Çağdaş Hukukçular Derneği Genel Başkan Yardımcısı Avukat Münip Ermiş, karara itirazda bulunduklarını belirterek, "Eğer bu karar onanırsa Türkiye'de isteyen savcı, istediği zaman avukat görüşlerini engeller ve bu da Türkiye'de hukukun yok edilmesidir" dedi.
Antalya'da Gezi Parkı eylemleriyle paralel olarak 31 Mayıs-3 Haziran günleri arasında Çallı'daki Gazi Bulvarı'nda meydana gelen olaylar sırasında gözaltına alınanları savunmak üzere Sanayi Polis Merkezi'ne giden avukatlardan 3'ü, 5 polis hakkında hukuki haklarının engellendiği ve şiddet uygulandığı gerekçesiyle şikayetçi oldu.
Avukatlar Özgü Kurşun, Nusret Gürgöz ve Evrim Çelik, gözaltına alınanlara hukuki destek vermek için gittikleri polis merkezinde, Savcı Osman Şanal'ın emriyle polis tarafından görüşmelerinin engellendiği ve şiddet uygulandığını öne sürdü. Avukatların polisler K.Ç., E.A., S.K., A.Y. ve H.K. hakkında Antalya Cumhuriyet Savcılığı'na 'basit yaralama, görevi kötüye kullanma, hakaret ve kişiyi hürriyetten yoksun bırakma' suçlarından yaptığı şikayet üzerine açılan soruşturmada, 3 Şubat 2014'te takipsizlik kararı verildi.

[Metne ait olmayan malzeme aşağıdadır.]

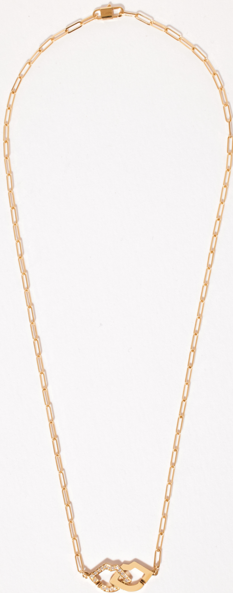
2 Lips collier in geelgoud en diamanten aan een ketting van Dinh van S (2 200€).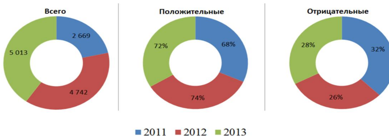
Соотношение положительных и отрицательных экспертиз в пяти СРОО в 2011-2013 гг.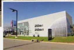
Pabellón NA-SA Estudio Asociado: Aprile y Asoc.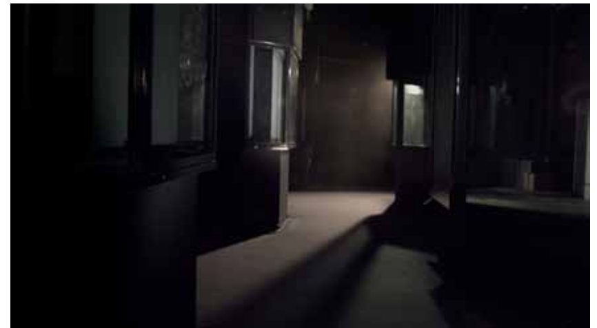
La Mesure Minérale, 2012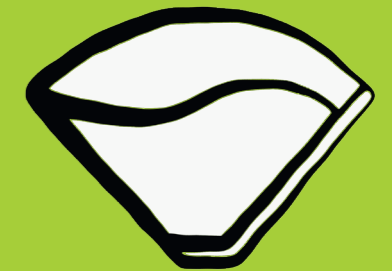
Marc de café, filtres, dosettes (en papier)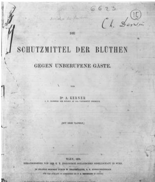
Abb. 1. Titelbild des Werkes »Die Schutzmittel der Blüten gegen unberufene Gäste« von A. Kerner, 1876, mit Signatur von C. Darwin.

Als Botaniker hat es mich natürlich besonders interessiert, seit wie lange Wissenschaftler schon darüber nachdenken, wie chemische Stoffe in Organismen wirken, wenn Pflanzen mit anderen Organismen in Wechselwirkung stehen. Dabei bin ich unter anderem auf Anton Kerner von Marilaun (1831–1898) gestoßen, einen österreichischen Botaniker in der zweiten Hälfte des 19. Jahrhunderts,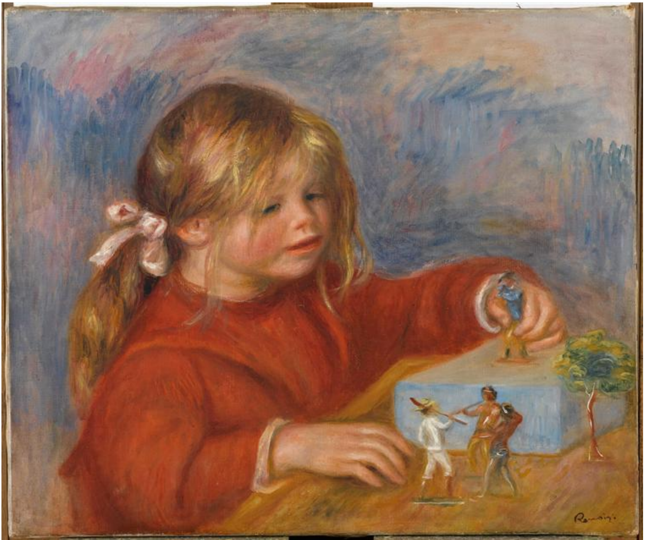
Auguste Renoir : Claude Renoir, jouant , vers 1905, huile sur toile, Musée de l'Orangerie, Paris.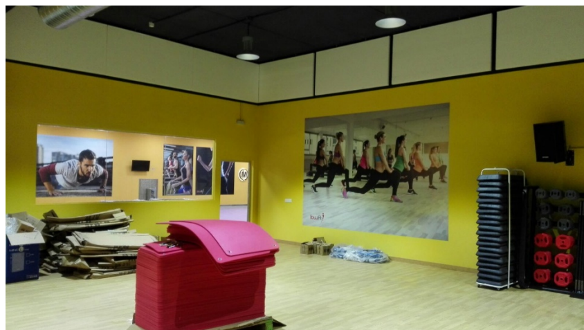
Instalación Croxon Baflox (50 x 1000 x 2000 mm) en gimnasio Sevilla.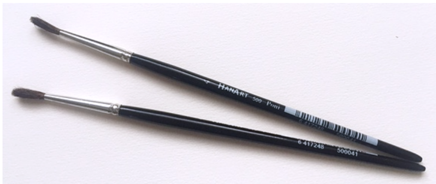
Kuva 1. HANART siveltimet (koko 4, poninkarva)

Opetuskokeilussa käytin HanArt –merkkisiä siveltimiä (kuva 1), jotka olivat kooltaan numero 4. Siveltimet ovat edullisia, mutta erittäin laadukkaita poninkarvasta tehtyjä pyörökärkisiveltimiä ja käyvät hyvin yleispätevään käyttöön eri värimateriaalien kanssa (vesi- ja pullovärit). Siveltimien koko 4 käy myös hyvin pikkutarkkaan työskentelyyn sekä suuremman pinta-alan maalaamiseen. Maalatessa on tärkeää myös se, että lapset saavat samanlaiset siveltimet. Siveltimien vertaileminen voi tuottaa häiriötä maalaustilanteeseen. Tämän välttääksemme on tärkeää, että kaikilla on samat materiaalit maalaustyön tekemiseen.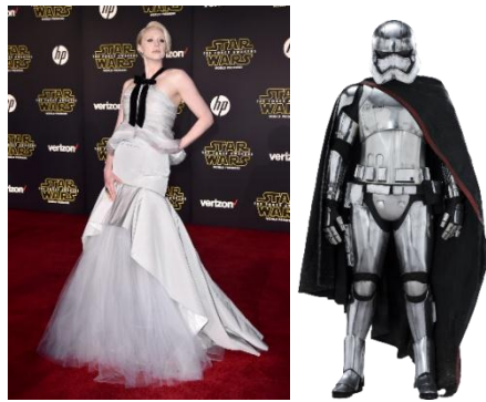
Gambar 4.12 Capt. Phasma diperankan oleh Gwendoline Christie

Lahir pada tahun 1983 di Mexico City, Mexico. Lupita memulai aktingnya sebagai remaja Kenya dan bekerja di balik layar dalam film The Constant Gardener . Ia menyutradarai dokumenter berjudul In My Genes dan membintangi serial TV Shuga . Nyong'o mendapatkan respons luar biasa melalui perannya sebagai Patsey dalam film The Constant Gardener (2013). Untuk hal tersebut, dia memenangkan Academy Award tahun 2014 sebagai 'best supporting actress'. Kemudian tahun 2014 dalam film Non-Stop dan Nyong'o berpartisipasi dalam New York debut dengan Public Theater's Off-Broadway Eclipsed . Maz adalah ratu bajak laut yang memiliki sifat bijaksana sama seperti Master Yoda. Maz kemudian membantu Rey dan Han untuk bertemu Resistance.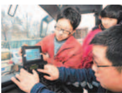
天津一工作人員在為長途客車安裝「北斗」導航終端。

香港文匯報訊 據中國之聲《央廣新聞》報道，交通運輸部日前要求江蘇、安徽、河北、陝西、山東、湖南、寧夏、貴州、天津等9個示範省(區)市的大客車、旅遊包車和危險品運輸車輛在3月底前80%以上安裝北斗導航終端。6月1日之前，凡未按照規定安裝北斗導航的車輛，以後就不予核發或審驗道路運輸證。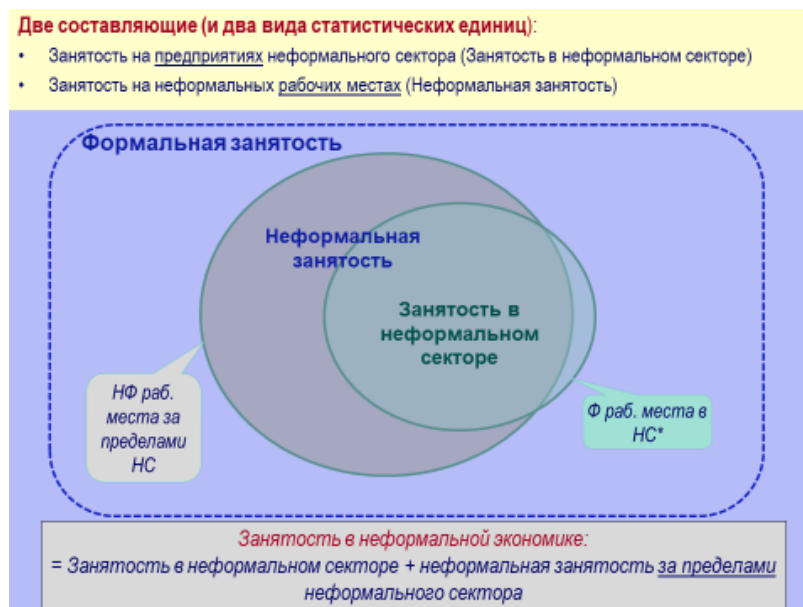
Рисунок 2. Занятость в неформальном секторе

Примечание: НФ – неформальные; Ф – формальные; НС – неформальный сектор.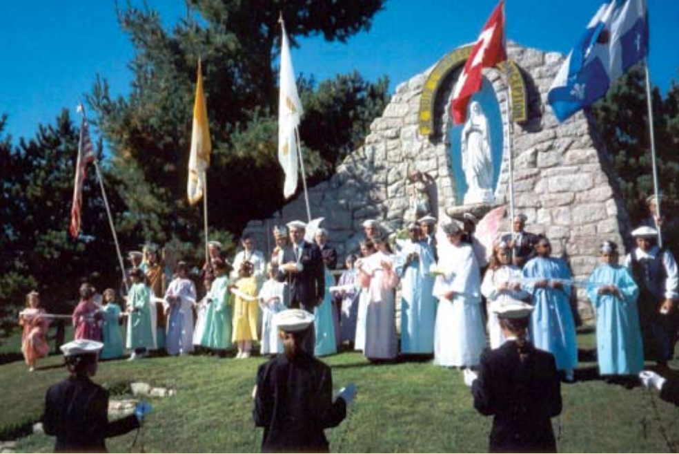
Procession du chapelet devant la grotte de Notre-Dame de Lourdes sur nos terrains à Rougemont.

Si les Pèlerins de saint Michel parlent beaucoup dans leurs publications de questions monétaires et économiques, c'est parce que, comme le disait le Pape Benoît XV, «c'est sur le terrain économique que le salut des âmes est en danger».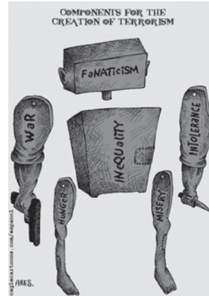
आतंकवाद के जन्म के कारण

संयुक्त राष्ट्र शैक्षणिक, वैज्ञानिक एवं सांस्कृतिक संगठन (यूनिसेफ) के संविधान ने उचित ही टिप्पणी की है कि, “चूँकि युद्ध का आरंभ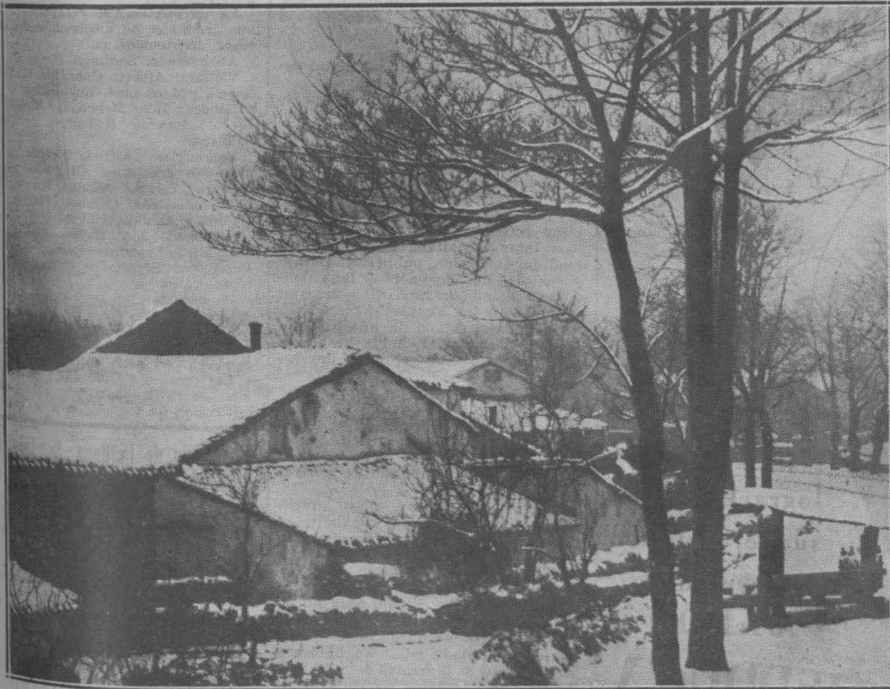
ESTAMPAS MONTANESAS.—La aldea nevada.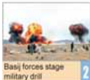
Basij forces stage military drill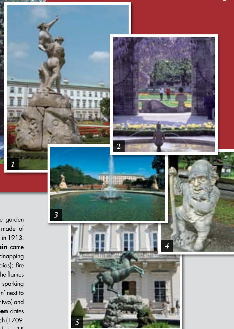
1 „Der Raub der Persephone“, eine der vier Figurengruppen rund um den Springbrunnen 2 Papagenabrunnen 3 Springbrunnen 4 Zwergerl im Zwerggarten 5 Pegasusbrunnen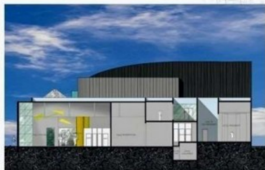
APPARTEMENT A GUSTAVIA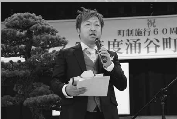
【写真】大使に任命された大和優雅監督

町制施行60周年を記念し、涌谷町の日本初の産金の歴史を全国にPRする「涌谷町黄金大使」を創設し、涌谷町出身の映画監督・大和優雅氏を任命いたしました。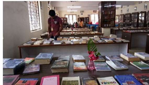
Student Observing Books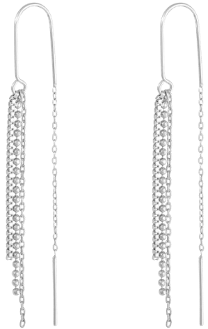
Ohringe mit Ketten rhodiniert Art. Nr: 13342244; UVP € 59,99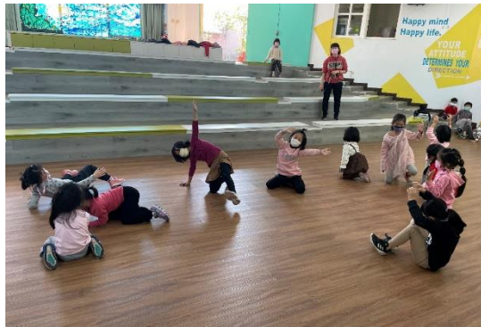
大家發揮團隊創意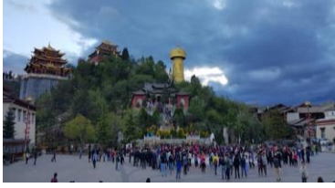
ค่ำ ที่พัก

นานาชนิด ด้วยภูมิประเทศรวมกับทัศนียภาพที่งดงาม สถานที่แห่งนี้จึงได้ชื่อว่า "ดินแดนแห่งความฝัน" ระหว่างทางแวะชม โค้งแรกแม่น้ำแยงซีเกียง (ฉางเจียงตี้ยิวาน) เกิดจากแม่น้ำแยงซีที่ไหลลงมาจากชิงไห่และทิเบต ซึ่งเป็นที่ราบสูงไหลลงมากกระทบเขาให้หลอ แล้วหักเส้นทางโค้งไปทางทิศตะวันออกเฉียงเหนือ จนเกิดเป็น "โค้งแรกแม่น้ำแยงซี" ขึ้นจากนั้นชม ช่องแคบเสือกะโจน ซึ่งเป็นช่องแคบช่วงแม่น้ำแยงซีไหลลงมาจากจินชาเจียง(แม่น้ำทรายทอง) เป็นช่องแคบที่มีน้ำไหลเชี่ยวมาก ช่วงที่แคบที่สุดประมาณ 30 เมตร ตามตำนานเล่าว่า ในอดีตช่องแคบเสือกะโจนสามารถกระโดดข้ามไปยังฝั่งตรงข้ามได้ จึงเป็นที่มาของ "ช่องแคบเสือกะโจน" นำชมเมืองโบราณ แชงกรีล่า เป็นศูนย์รวมของวัฒนธรรมชาวทิเบตลักษณะคล้ายชุมชนเมืองโบราณทิเบต ซึ่งเต็มไปด้วยร้านค้าของคนพื้นเมืองและร้านขายสินค้าที่ระลึกมากมาย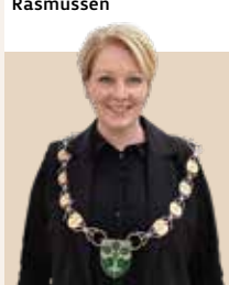
Borgmester i Egedal Kommune siden 2022 - nvalgt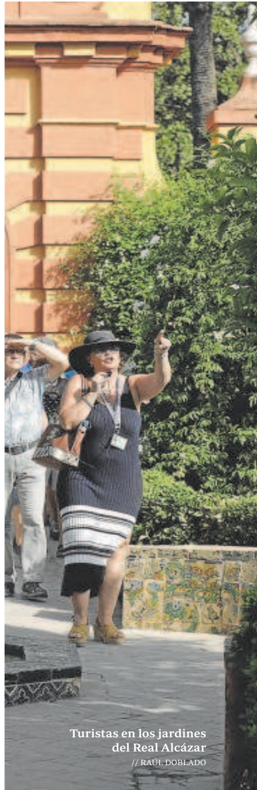
Turistas en los jardines del Real Alcázar

'POLİSLER SAVCININ EMRİYLE HAREKET ETTİ'
Kararda; polislerin Cumhuriyet Savcısının emri doğrultusunda hareket ettiğinden, avukatların müdafii sıfatıyla görüşme taleplerini kabul etmemelerinin görevin kötüye kullanılması suçunun yasal unsurlarını oluşturmadığı, bu nedenle avukatlar ve polisler arasında çıkan tartışma ve ihtilafta, tartışma çıkaran avukatları itekleyip kollarından tutmak suretiyle polis merkezi içerisinden çıkarmaya çalışmalarının da 'Polis Vazife ve Selahiyet Kanunu'nda yer alan zor kullanma yetkileri kapsamında değerlendirilmesi gerektiği, kişiyi hürriyetten yoksun bırakma ve hakaret suçlarının oluşmadığı belirtildi.
'KANUNA AYKIRI KARAR'
Savcılığın takipsizlik kararını değerlendiren müşteki avukatlarından ve Çağdaş Hukukçular Derneği Genel Başkan Yardımcısı Münip Ermiş, o dönemde Savcı Osman Şanal'ın emriyle polislerin avukatları gözaltındaki şüphelilerle görüştürmemesi kararının, CMK 154'üncü maddede yer alan 'Şüpheli veya sanığın vekaletname aranmaksızın müdafi ile her zaman ve konuşulanları duymayacağı bir ortamda görüşebileceği' şeklindeki kanuna aykırı olduğunu söyledi.
Ermiş, bu kararın polisleri ve polis şiddetini korumaya yönelik kabul edilemez bir karar olduğunu söyledi. Münip Ermiş, "Şüphelinin yakalandığı anda vekaletname aranmaksızın müdafinin hukuki yardımından yararlanma hakkı bir anayasal haktır. Bu hak Ceza Muhakemesi Kanunu ve Avrupa İnsan Hakları Sözleşmesinin 5 ve 6'ncı maddeleri ile güvence altına alınmıştır. Cumhuriyet Savcısı dahil hiçbir kişi ve kurumun bu hakkın ortadan kaldırmaya yetkisi yoktur. Böyle bir emir, yasadışı emir niteliğindedir. Yasadışı emri yerine getiren sorumluluklarına katlanmak zorundadır" dedi.
ONANIRSA HUKUKİ SKANDAL
Manavgat Ağır Ceza Mahkemesi'ne itirazda bulunduklarını belirten Avukat Ermiş, şunları dile getirdi:
"Eğer bu karar onanırsa Türkiye'de isteyen savcı, istediği zaman avukat görüşmelerini engeller ve bu da Türkiye'de hukukun yok edilmesidir. Türkiye'de zaten 1992'den beri kanunen vekaletname istenmiyor, burada yasadışı bir uygulama sözkonusudur. Avukatların, avukatlık görevlerini yaparken özgürlükleri kısıtlanmıştır. Ağır cezalık suç halleri dışında bu mümkün değildir."